他人站在宋瑾跟前,默默盯了一会子,却不见宋瑾抬头。
“生气了?”
宋瑾将脑袋撇向一边,吸了吸鼻子。
“你不是答应我,往后要好好做个良人的。”
季舒白改了语气,不似开始的咄咄逼人,温柔了不少。
“我平时又见不着裴姑娘,又不会坏她名声,你干嘛非要戳穿我?”
她听见季舒白轻声的叹息:
“这与见得着见不着没有关系。你既要从良,便不该满口谎言,为何还要认下这宋公子的名号?我见你与她之间也并非是生意往来,既做朋友,岂能满口谎言?这做生意尚要讲究诚信,怎么做起朋友,反而连性别名号都是假的?”
宋瑾依旧委屈,明明宋就是她的姓,她当时脱口而出了而已,并不算撒谎。
何况自己假扮男子也是事出有因。
那日她们在季家后院碰上,她就怀疑这姑娘跟季舒白关系非同一般,不想引起误会才没说的,本来也是一身男装。谁知道季舒白非但不体谅,反而怪罪上了。
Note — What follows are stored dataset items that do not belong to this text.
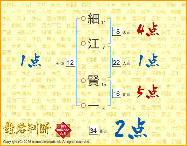細江賢一さんの総運は34画の2点!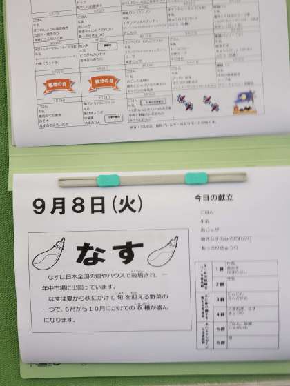 今日の献立には、なすやきゅうりなど夏野菜が使われています。なすには、秋なすと言われて10月頃まで実るものもありますが、旬の野菜がしっかり摂れるところも、給食の良いところです。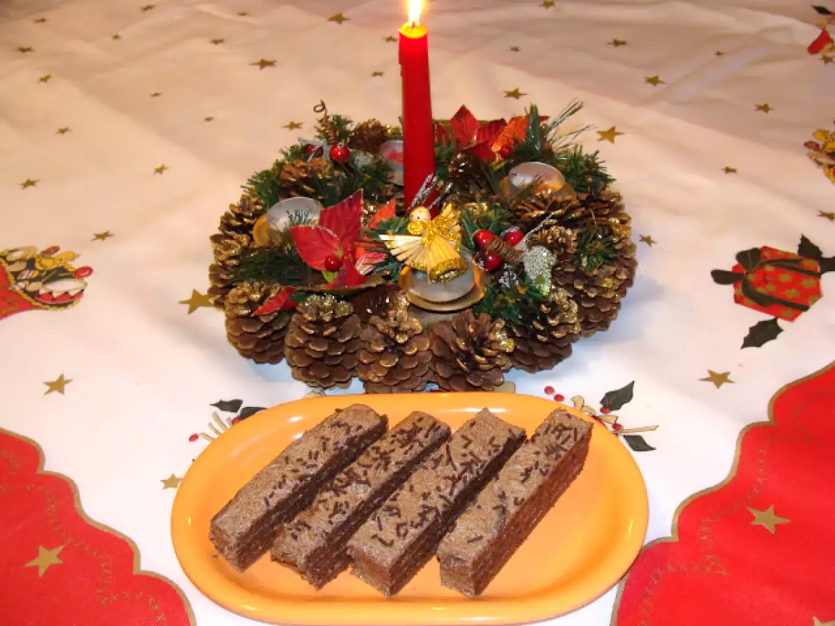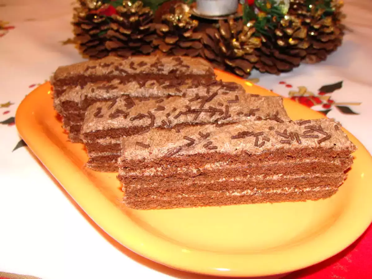 Dulce pentru craciun: prajitura crem-caffe PrecedentulUrmătorul DesertFoarte ușor50 min Trimite unui prieten Printează pagina Adresează o întrebare autorului Postează o poză cu rețeta gătită de tine Ingrediente 4 INGREDIENTE pentru foi: 4 foi de pandispan ( un pachet) sau . . . 2 oua 9 linguri zahar 9 linguri lapte 9 linguri ulei 3 plicuri zahar vanilinat 1 praf sare 1 lingurita amoniac faina cat cuprinde INGREDIENTE pentru crema: 3 oua 150 g zahar+4 linguri 250 g margarina 3 linguri cacao 2 lingurite cafea instant 6 linguri apa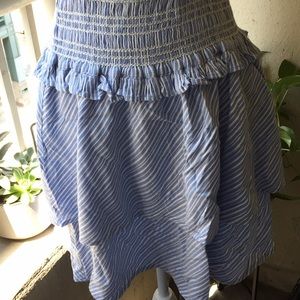 Cute as a beach cover up. Blue and white tiered smocked skirt. Danish designer

“人家曾经也姓过宋嘛。”她没敢反驳季舒白的话,只低声嘀咕了一句。
“什么?”
宋瑾的声音带着呜咽,季舒白没听太清,然而宋瑾又不吱声了。
转念一想,他似乎又明白过来了。
“好了,我本意是不想你再撒更多的谎,与其将来被揭穿,不如今日就说解开来。难不成你要在裴姑娘面前扮一辈子的宋公子。”
“我都未必能见得着她。”
要不是来季家,她大概率这辈子也见不着裴姑娘。
“怎么?还是觉得自己没错么?”
季舒白这个人不好,较真。
“我知道我错了的。”宋瑾服了软。
季舒白有一点好,好哄。
“既然知错,往后便不要随意扯谎。我知道你扮着男装行商是迫不得已,可至少在有些人面前不必带着面具。”
宋瑾手上揪着袖摆,轻轻点了点头,算是同意他的话了。
“好,那此事揭过不提,往后再见到裴姑娘,你便是陆姑娘了。”季舒白的语调变得轻松爽朗起来,不自觉地伸手拍了拍宋瑾的肩头,像对待一个真心改过的小学生。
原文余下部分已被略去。